Bayshore Global Management LLC
- Company type: Private
- Industry: Family office
- Founded: 2005; 21 years ago
- Founders: Sergey Brin; Anne Wojcicki;
- Headquarters: Palo Alto, California, U.S.
- Key people: George Pavlov (CEO)
- AUM: US$100 billion (2022)
- Number of employees: 100 (2022)

= Bayshore Global Management =

Family office of Sergey Brin

Bayshore Global Management LLC (Bayshore) is an investment firm that serves as the family office of Google co-founder Sergey Brin and until 2015, his ex-wife, 23andMe co-founder Anne Wojcicki. It manages over $100 billion of assets, making it one of the largest family offices despite its low profile.

Originally based in Los Altos, California, Bayshore is currently based in Palo Alto with an additional office in Singapore.

== Background ==

Bayshore was founded in 2005, after the initial public offering of Google, to manage the wealth of its cofounder Sergey Brin and his then-wife, Anne Wojcicki. The name Bayshore comes from an area in Mountain View where Google is headquartered.

In 2015, former venture capitalist George Pavlov was hired to manage Bayshore. In the same year, a disaster relief organization called Global Support and Development (GSD) was formed as part of Bayshore before being spun-out as a separate entity in 2019 with initial funding being provided by Brin.

In late 2020, Bayshore opened an office in Singapore. This was speculated to be done for both tax purposes as well as obtaining better investment opportunities in Asia.

In May 2023, it was reported that a De Havilland Canada DHC-6 Twin Otter that crashed almost 40 miles off of the coast of Half Moon Bay, killing two people, was owned by Bayshore. In a statement, Bayshore expressed condolences to the families of the crew on board and said it would provide them with the assistance needed.

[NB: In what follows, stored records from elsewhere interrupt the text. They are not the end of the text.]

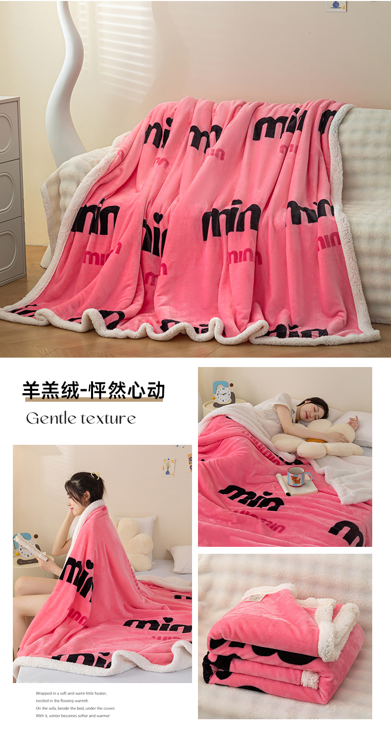 雅萱家纺 2024新款羊羔绒+牛奶绒毛毯披肩毯盖毯 羊羔绒-怦然心动
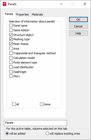 3. Right-click in the Panels table, and click Table Columns from the context menu.
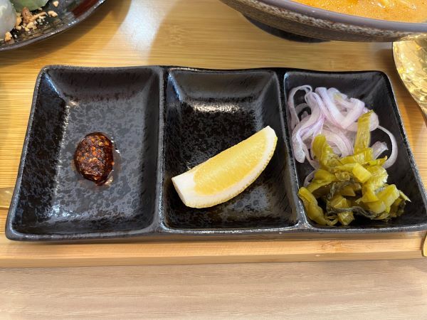 左:辛い調味料 中:レモン 右:高菜と玉ねぎのピクルス カオソーイを食べながら少しずつ入れて味変を楽しみます☆
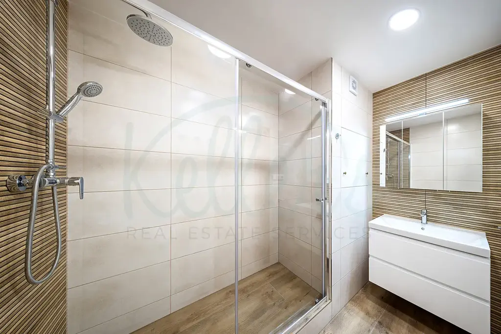 Byt o celkové podlahové ploše 93,43 m² se nachází v 6. nadzemním podlaží udržovaného panelového domu s výtahem. Velkým benefitem je promyšlené dispoziční řešení – dvě neprůchozí ložnice zajišťují dostatek soukromí, zatímco obývací pokoj s kuchyňským koutem tvoří přirozené centrum bytu. Jednotka nabízí nadstandardní množství úložných prostor – k dispozici jsou dvě vestavěné skříně, samostatná šatna i praktická komora. Součástí pronájmu je i sklep.
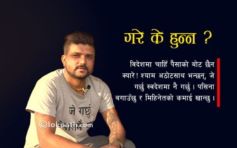 श्याम ठेलामा तरकारी बेच्दै हिड्छन् भने उनकी श्रीमतीले मासु पसल राखेकी छन् । यि दुईको कमाईले घरखर्चमात्र चलेको होइन बचतपनि हुने गरेको छ । विदेशमा मात्र कामको सम्भावना र नेपालमा काम गर्ने वातावरण छैन । अनी नेपालमा काम गर्दा कामलाई सानो र ठूलो भन्नेहरुले श्यामबाट केही सिक्ने की ?

Bayshore is estimated to manage $100 billion of assets with 50-100 employees, but has maintained a low profile and has been noted for how secretive it was. Bayshore has no website and there are few details about its investments. The firm has a close relationship with bankers at Morgan Stanley and also with the staff at Larry Page’s family office. Bayshore invests in all the standard asset classes such as equities, commercial real estate, and private equity. With regards to private equity, Bayshore does lots of long-term direct investing and recoils from limited partnership stakes in funds that have ten-year fund cycles. Bayshore also managed Brin's charity firm, the Sergey Brin Family Foundation.

Bayshore started receiving attention after divorce proceedings commenced between Brin and his second wife Nicole Shanahan, as the divorce was held in a court of public opinion. The company hired lawyers to negotiate with Shanahan's team, who hired Bryan Freedman.